#### SOURCE MATERIAL
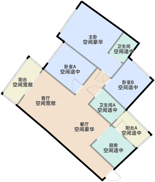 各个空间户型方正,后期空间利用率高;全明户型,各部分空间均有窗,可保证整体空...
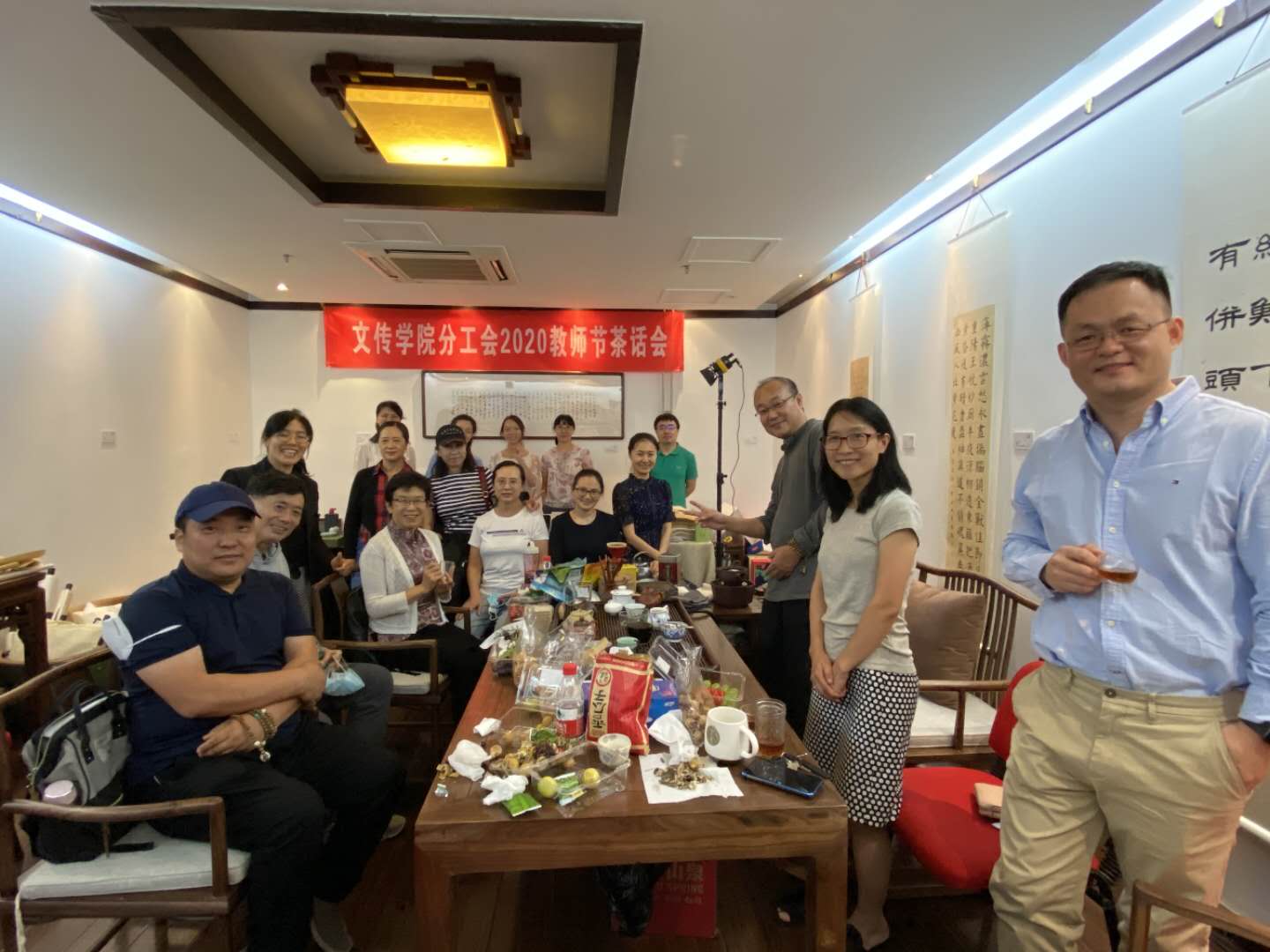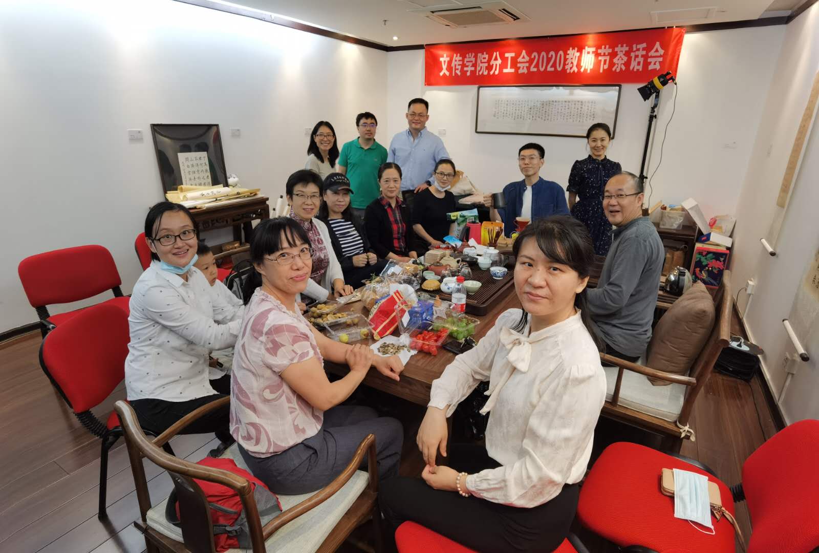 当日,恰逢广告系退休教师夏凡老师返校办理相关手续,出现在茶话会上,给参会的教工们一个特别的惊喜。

* * *

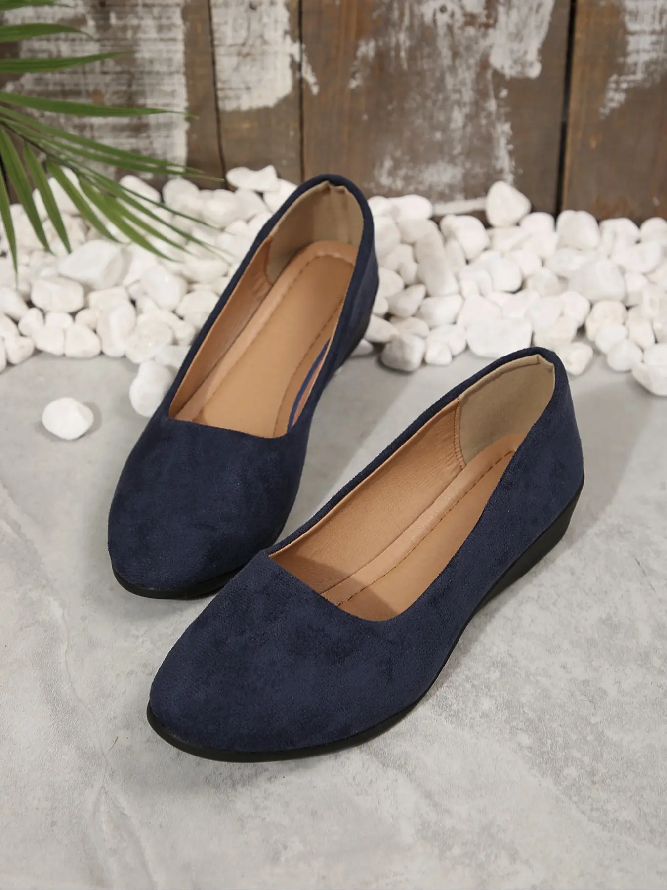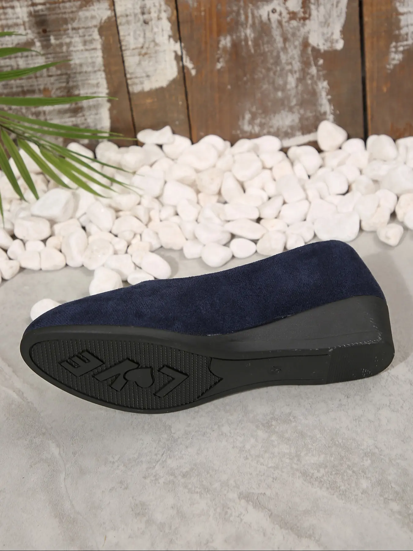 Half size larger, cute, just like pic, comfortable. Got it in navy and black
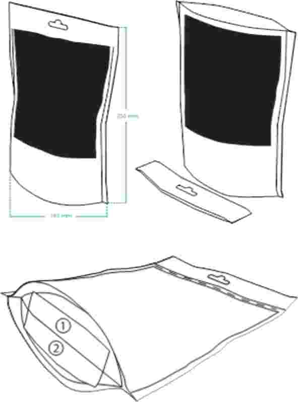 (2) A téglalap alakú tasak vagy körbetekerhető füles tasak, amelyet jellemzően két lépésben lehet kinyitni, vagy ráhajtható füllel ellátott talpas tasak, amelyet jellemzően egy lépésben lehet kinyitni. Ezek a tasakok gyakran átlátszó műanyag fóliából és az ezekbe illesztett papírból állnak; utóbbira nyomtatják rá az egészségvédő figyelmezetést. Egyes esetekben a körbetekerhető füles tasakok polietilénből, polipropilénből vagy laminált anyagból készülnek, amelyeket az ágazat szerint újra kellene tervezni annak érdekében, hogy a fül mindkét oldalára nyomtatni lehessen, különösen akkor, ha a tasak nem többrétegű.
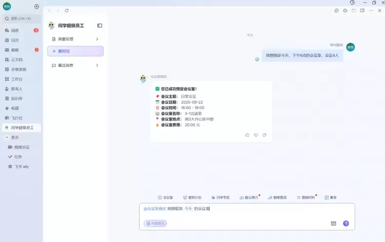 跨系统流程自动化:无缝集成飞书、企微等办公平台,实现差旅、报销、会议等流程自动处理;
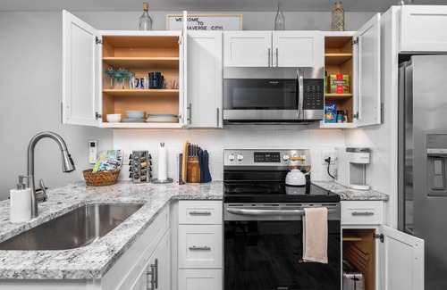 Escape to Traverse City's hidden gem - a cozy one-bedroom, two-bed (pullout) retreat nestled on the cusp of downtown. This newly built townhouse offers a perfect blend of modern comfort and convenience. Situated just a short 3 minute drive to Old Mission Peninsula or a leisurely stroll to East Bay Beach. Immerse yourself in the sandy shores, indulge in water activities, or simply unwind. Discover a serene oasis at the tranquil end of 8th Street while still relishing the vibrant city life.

#### EXERCISE REQUIREMENTS
Exact repeat of the material above: every line from the one with "跨系统流程自动化:无缝集成飞" through the one with "Escape to Traverse", endpoints included, and nothing more. No pictures.

#### RESPONSE TO THE TASK
 跨系统流程自动化:无缝集成飞书、企微等办公平台,实现差旅、报销、会议等流程自动处理;
 Escape to Traverse City's hidden gem - a cozy one-bedroom, two-bed (pullout) retreat nestled on the cusp of downtown. This newly built townhouse offers a perfect blend of modern comfort and convenience. Situated just a short 3 minute drive to Old Mission Peninsula or a leisurely stroll to East Bay Beach. Immerse yourself in the sandy shores, indulge in water activities, or simply unwind. Discover a serene oasis at the tranquil end of 8th Street while still relishing the vibrant city life.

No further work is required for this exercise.